We used to think of weightlifting as the kind of exercise only beefy dudes liked to do, but we now know that strength training is an essential part of a smart fitness program that will help you get lean and strong. I’m a gym rat who loves to lift weights multiple times a week, whether it’s a classic weightlifting session (squats, deadlifts, etc.) or a kettlebell flow program. Strength training of all kinds helped me shed excess fat, build lean muscle, and feel better than ever, and I now pass along this kind of training to my clients.
There’s one weightlifting tip that I wish I had known earlier in my fitness career: how to use the drop set. A drop set in weightlifting is when you perform a set of any exercise with a heavy-enough weight that you can’t make it through all the reps without failing. Then you reduce the weight and finish out the set.
For example, when I was working on my triceps extensions on the cable machine, I would start with 20 pounds and work toward 12 reps per set. But I could only make it to about eight or nine reps without failing, so rather than just leaving it at that, I would drop the weight to 15 pounds and finish out the set.

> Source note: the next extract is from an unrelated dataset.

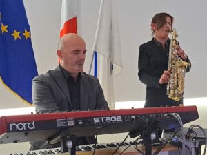“A tutti voi auguro un Natale con pochi regali ma con tutti gli ideali realizzati”. Sono i versi della poesia di Alda Merini: “Buon Natale”, recitati dal dottor Vincenzo Capuano, Presidente del “Rotary Club Salerno Picentia”, in occasione della tradizionale “Festa degli Auguri” organizzata all’Hotel Mediterranea di Salerno, iniziata con le note del sax alto di Carla Marciano che, accompagnata al piano da Alessandro La Corte, ha eseguito, con grande virtuosismo, straordinari brani jazz. Considerata tra i migliori talenti del jazz internazionale, Carla Marciano, annoverata tra i principali specialisti al mondo del sassofono sopranino, ha interpretato alcune ballads di sua composizione come “Fare Away” e “Inside”; la rivisitazione della colonna sonora di “Taxi Driver” e un brano che sarà inserito nel nuovo disco “Daydreaming”, dedicato al padre Giovanni, suonato con grande sensibilità e dolcezza. Naturalmente non poteva mancare un tradizionale e antico canto natalizio inglese: “God Rest You Merry, Gentlemen” (traducibile come “Dio vi renda felici, Signori”) riadattato in chiave jazzistica, con al piano Alessandro La Corte che ha partecipato, come coautore, alle musiche del film di Paola Cortellesi “C’era ancora domani”.

This worked great for me when I felt like I was stuck in between two different weights and I didn’t want to do the lower weight for the whole set because it didn’t feel hard enough. Utilizing the drop set in this way helped me get stronger faster, which allowed me to build lean muscle and shed faster quicker.
The drop set is a common technique used in bodybuilding and there are all sorts of ways to use it, but I stuck with this simple variation because it worked wonders for me. I saw amazing lean muscle definition in just a couple weeks. Plus, I never reached a plateau; I could see consistent changes in my physique month after month.
If you’re looking for a way to up your strength-training routine, give drop sets a try. You can use this technique with just about any classic weightlifting movement, like squats, deadlifts, rows, push presses, etc.